■ **Your goal**: Transcribe each record exactly. Omit the pictures.
─── Provided material ───
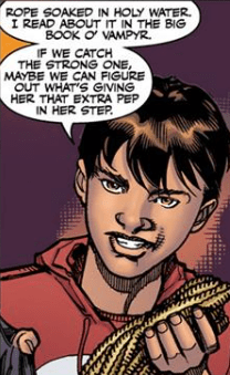 Billy explains that he has rope, soaked in holy water, which he read about in Giles’s book. “If we can catch one, maybe we can figure out what’s giving her that extra pep in her step.”
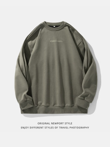 400 グラムヘビーウェイトアメリカンラウンドネックスウェットシャツ男性と女性のための春の新しい袖ルーズリーフデザインルーズカジュアルプルオーバートップ
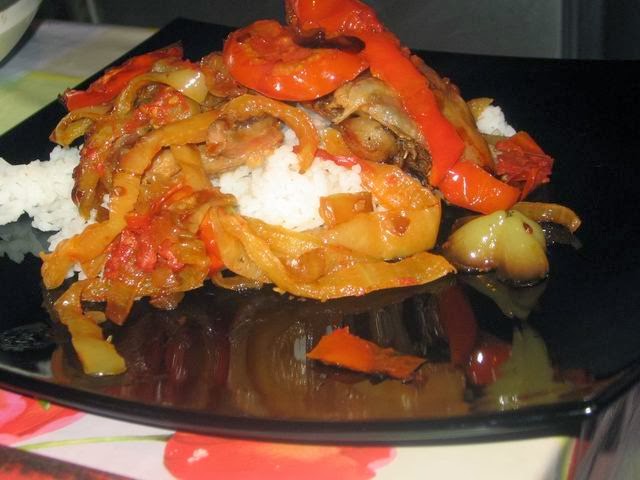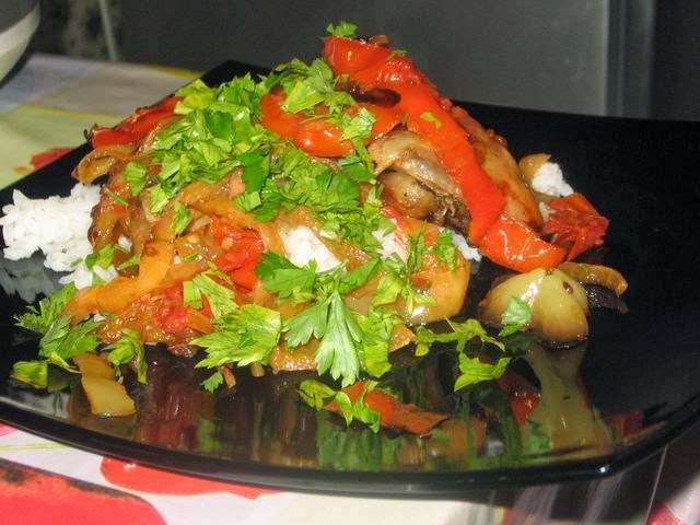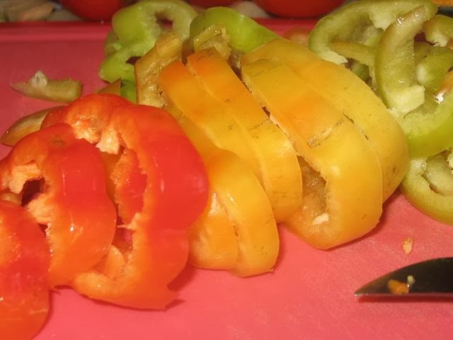 Болгарский перец тоже режес урупно, кольцами или как получится.
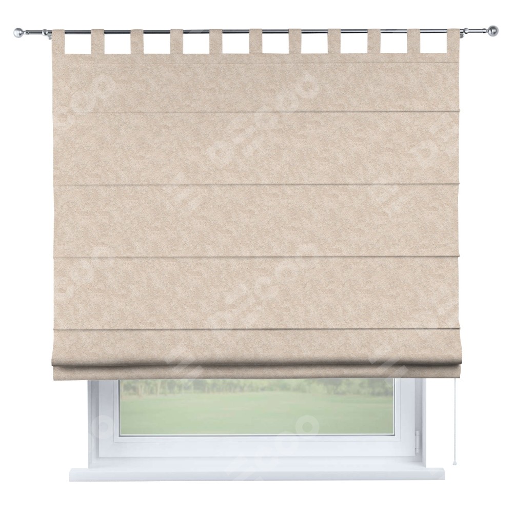 Римская штора производителя «Cortin», используется для проёма, пошита из ткани софт мрамор шампань, артикул ткани 93575. Данная модель пошита на петлях, комплектуется на выбор круглым карнизом и подходит для монтажа на стену. Римская штора на петлях имеет простую систему регулировки высоты, отличительным преимуществом данной модели является простой способ монтажа. Достаточно повесить ее на трубу и штора готова!
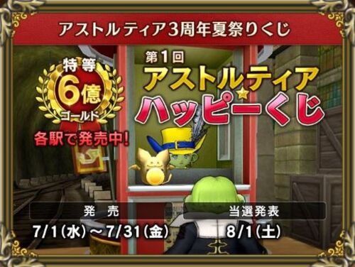 本日7月1日昼12:00よりアストルティア各大陸にて アストルティアハッピーくじが 販売される。 特等はなんと6億G! 限りなく当たる確率は現実世界の 宝くじと同じぐらいの低確率!! このゲーム内で たった1名のみ極めて当選するのは難しい ほぼ当たら…
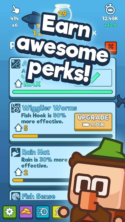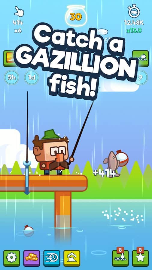 Tıklama Oyunları: Balık Tutmak İçin Dokun – Android'de, farklı su kaynaklarında balık tutacağınız heyecan verici bir tıklama oyunudur. Bu oyundaki ana göreviniz, telefon ekranına mümkün olduğunca sık dokunmak ve boş zamanınızı eğlenceli bir şekilde geçirmektir. Mümkün olduğunca çok balık avlayın ve balık tutma ekipmanlarınızı geliştirme fırsatı elde edin. Ne kadar çok balık yakalarsanız, o kadar çok imkanınız olacak, hatta süreci otomatikleştirebilirsiniz. Çeşitli mantık bulmacalarını çözün ve daha fazla balık tutabileceğiniz yeni su kaynaklarına erişim kazanın. Bonuslar ve ödüller kazanın ve canlı grafikleriyle keyfini çıkarın.
───
■ **Finished task**:
 Billy explains that he has rope, soaked in holy water, which he read about in Giles’s book. “If we can catch one, maybe we can figure out what’s giving her that extra pep in her step.”
 400 グラムヘビーウェイトアメリカンラウンドネックスウェットシャツ男性と女性のための春の新しい袖ルーズリーフデザインルーズカジュアルプルオーバートップ
 Болгарский перец тоже режес урупно, кольцами или как получится.
 Римская штора производителя «Cortin», используется для проёма, пошита из ткани софт мрамор шампань, артикул ткани 93575. Данная модель пошита на петлях, комплектуется на выбор круглым карнизом и подходит для монтажа на стену. Римская штора на петлях имеет простую систему регулировки высоты, отличительным преимуществом данной модели является простой способ монтажа. Достаточно повесить ее на трубу и штора готова!
 本日7月1日昼12:00よりアストルティア各大陸にて アストルティアハッピーくじが 販売される。 特等はなんと6億G! 限りなく当たる確率は現実世界の 宝くじと同じぐらいの低確率!! このゲーム内で たった1名のみ極めて当選するのは難しい ほぼ当たら…
 Tıklama Oyunları: Balık Tutmak İçin Dokun – Android'de, farklı su kaynaklarında balık tutacağınız heyecan verici bir tıklama oyunudur. Bu oyundaki ana göreviniz, telefon ekranına mümkün olduğunca sık dokunmak ve boş zamanınızı eğlenceli bir şekilde geçirmektir. Mümkün olduğunca çok balık avlayın ve balık tutma ekipmanlarınızı geliştirme fırsatı elde edin. Ne kadar çok balık yakalarsanız, o kadar çok imkanınız olacak, hatta süreci otomatikleştirebilirsiniz. Çeşitli mantık bulmacalarını çözün ve daha fazla balık tutabileceğiniz yeni su kaynaklarına erişim kazanın. Bonuslar ve ödüller kazanın ve canlı grafikleriyle keyfini çıkarın.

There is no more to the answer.